GIVEN RECORDS Block Start

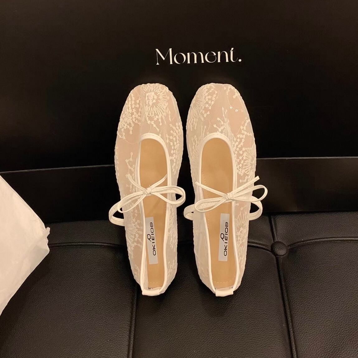 総レースが軽やかな印象のシアーフラットパンプス。バレエシューズのような丸いシルエットが可愛い♡
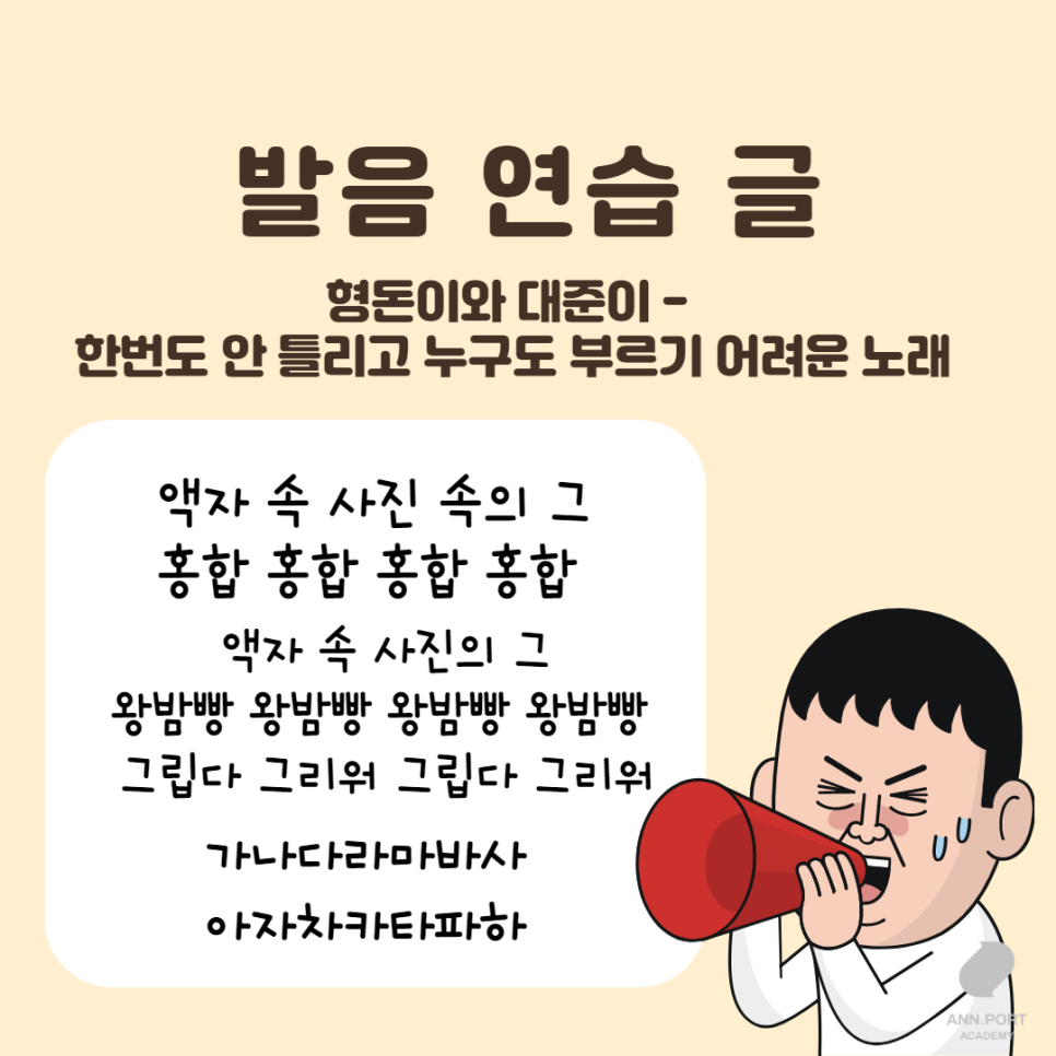 아악! 발음이 꼬여서 목소리가 커지는 경우도 있지만(웃음)??발음이 좋아지는 과정입니다.
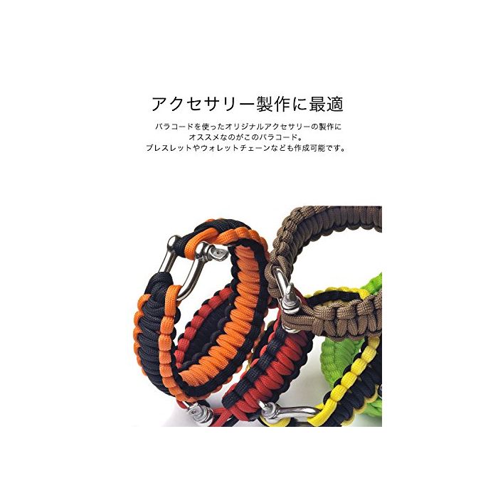 파라 코드를 사용한 악세사리 제작,나이프의 무늬로 감음 붙이거나 사용됩니다.서바이벌 나이프나 콜롬비아 나이프에 감음 붙여 보면 멋쟁이 입니다.팔찌나 워렛 체인 등도 작성 가능합니다.
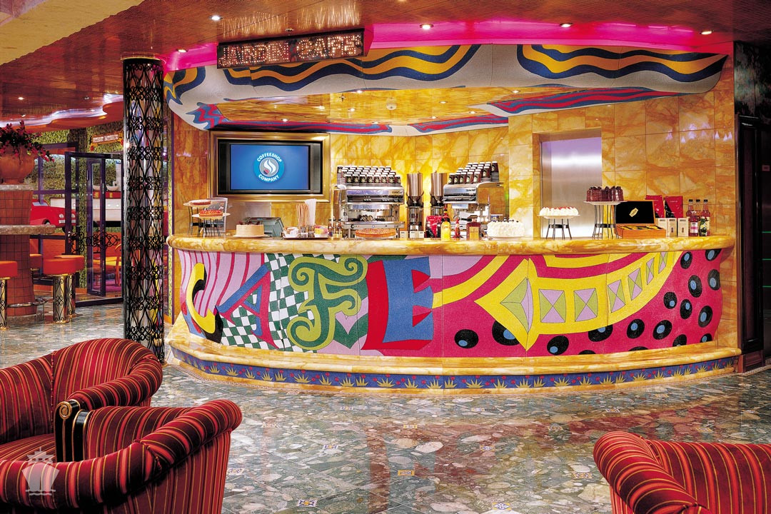 • Čapovaná voda, limonáda, ľadový čaj, káva, čaj, kakao z automatov v hlavnej reštaurácii Main Dining Room a bufetovej 24/7 reštaurácii Lido
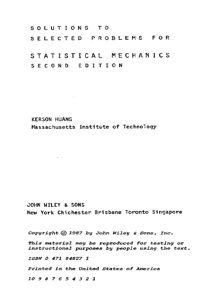 Solution Manual Of Statistical Mechanics Kerson Huang Pdf
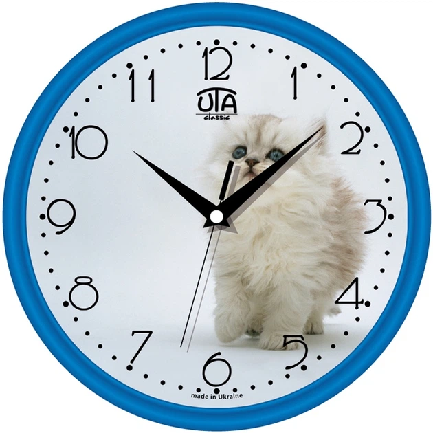 Настінний годинник UTA 01 BL 15 пухнасте кошеня
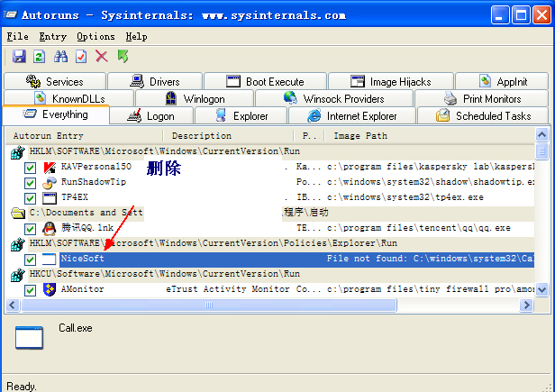 删除system32文件夹中的Call.exe和RChook.dll
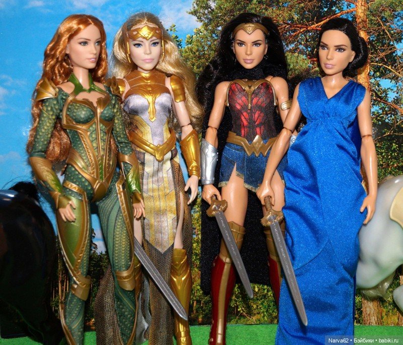 Так «воевать» отказались сразу 4 красавицы по фильму «Чудо-женщина»: сама Диана, королева Ипполита аж в двух образах — блондинки и брюнетки и Антиопа.
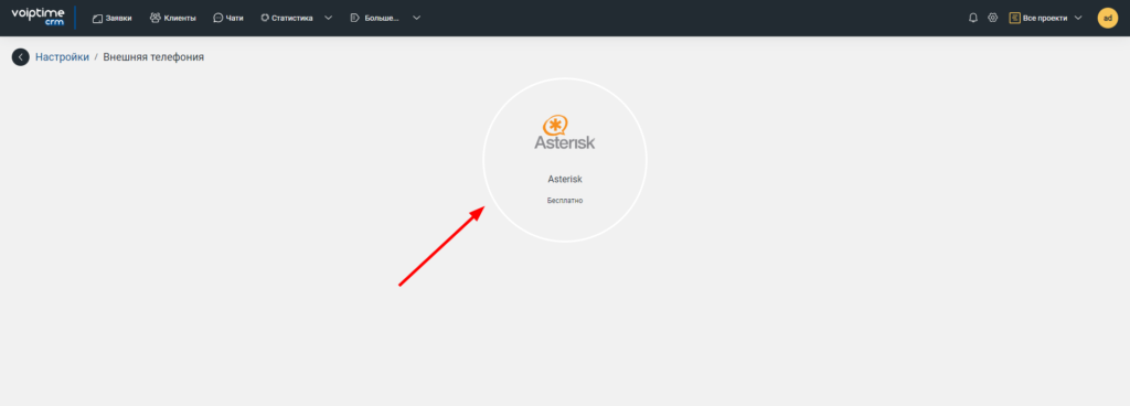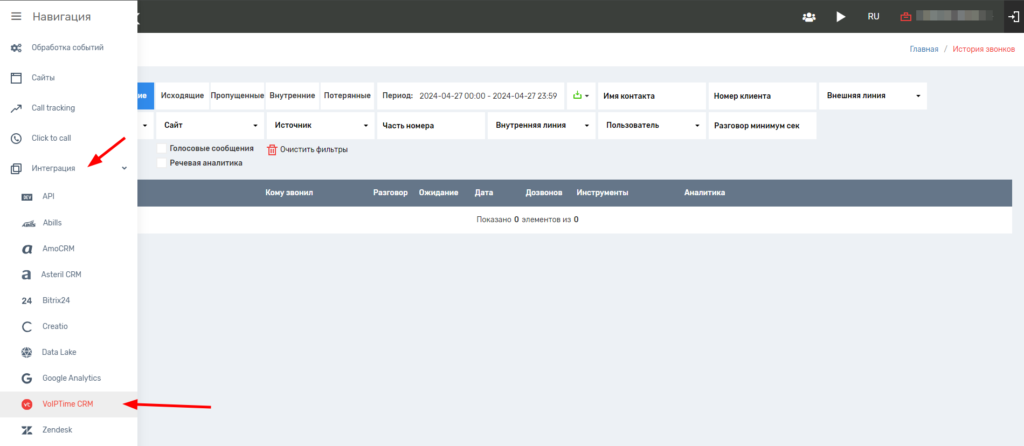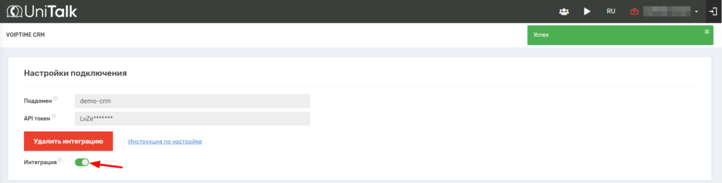 - В личном кабинете UniTalk перейдите в раздел «Интеграция» и выберите VoIPTime CRM.
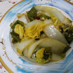 4. When the baby cabbage is half cooked, add light soy sauce, oil and stir-fry evenly.
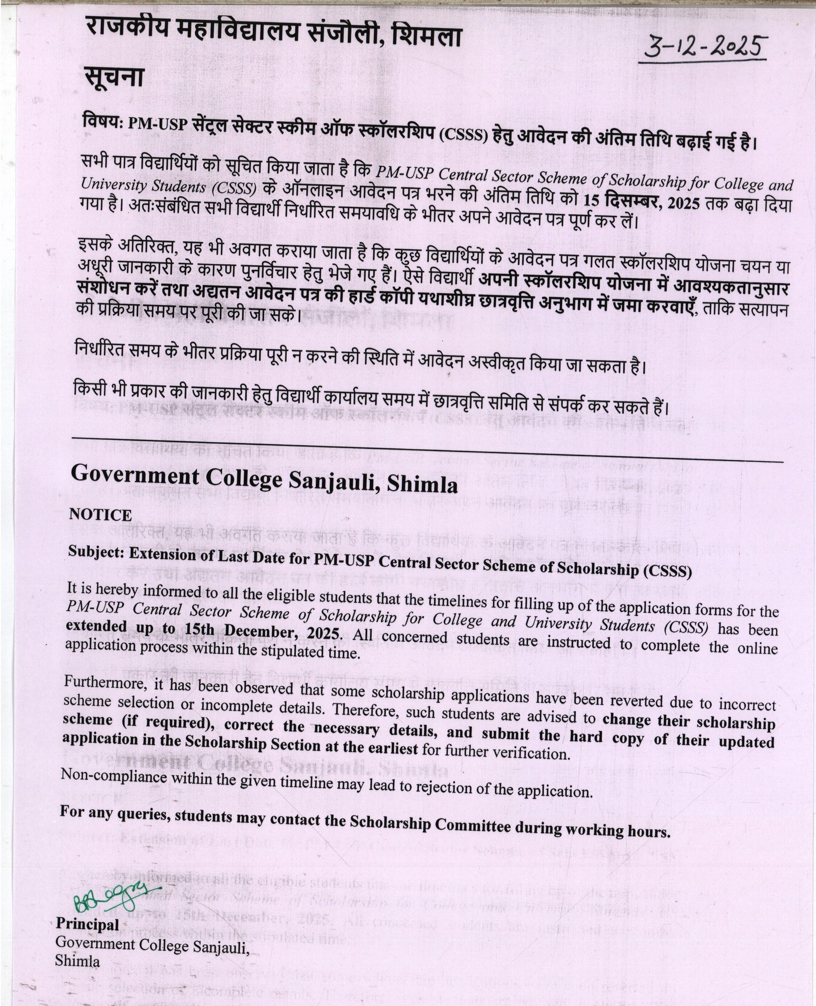 A number of scholarships are available for eligible and deserving students. Information regarding dates, eligibility conditions and procedure for these scholarships are notified by the college authorities from time to time.Centre of Excellence, Government College Sanjauli, Shimla-6 is committed to the goals of attracting and supporting best calibre students across the state. In order to encourage deserving students to pursue their higher education, this college provide scholarship to meritorious students as per the policy of the state and centre government’s scholarship schemes. All the centre and state sponsored schemes are given as per the instructions of the government.

GIVEN RECORDS Block End

# GOAL OF THE EXERCISE
Write the listing out in full, exactly; no images.

# ANSWER SECTION
 総レースが軽やかな印象のシアーフラットパンプス。バレエシューズのような丸いシルエットが可愛い♡
 아악! 발음이 꼬여서 목소리가 커지는 경우도 있지만(웃음)??발음이 좋아지는 과정입니다.
 파라 코드를 사용한 악세사리 제작,나이프의 무늬로 감음 붙이거나 사용됩니다.서바이벌 나이프나 콜롬비아 나이프에 감음 붙여 보면 멋쟁이 입니다.팔찌나 워렛 체인 등도 작성 가능합니다.
 • Čapovaná voda, limonáda, ľadový čaj, káva, čaj, kakao z automatov v hlavnej reštaurácii Main Dining Room a bufetovej 24/7 reštaurácii Lido
 Solution Manual Of Statistical Mechanics Kerson Huang Pdf
 Настінний годинник UTA 01 BL 15 пухнасте кошеня
 删除system32文件夹中的Call.exe和RChook.dll
 Так «воевать» отказались сразу 4 красавицы по фильму «Чудо-женщина»: сама Диана, королева Ипполита аж в двух образах — блондинки и брюнетки и Антиопа.
 - В личном кабинете UniTalk перейдите в раздел «Интеграция» и выберите VoIPTime CRM.
 4. When the baby cabbage is half cooked, add light soy sauce, oil and stir-fry evenly.
 A number of scholarships are available for eligible and deserving students. Information regarding dates, eligibility conditions and procedure for these scholarships are notified by the college authorities from time to time.Centre of Excellence, Government College Sanjauli, Shimla-6 is committed to the goals of attracting and supporting best calibre students across the state. In order to encourage deserving students to pursue their higher education, this college provide scholarship to meritorious students as per the policy of the state and centre government’s scholarship schemes. All the centre and state sponsored schemes are given as per the instructions of the government.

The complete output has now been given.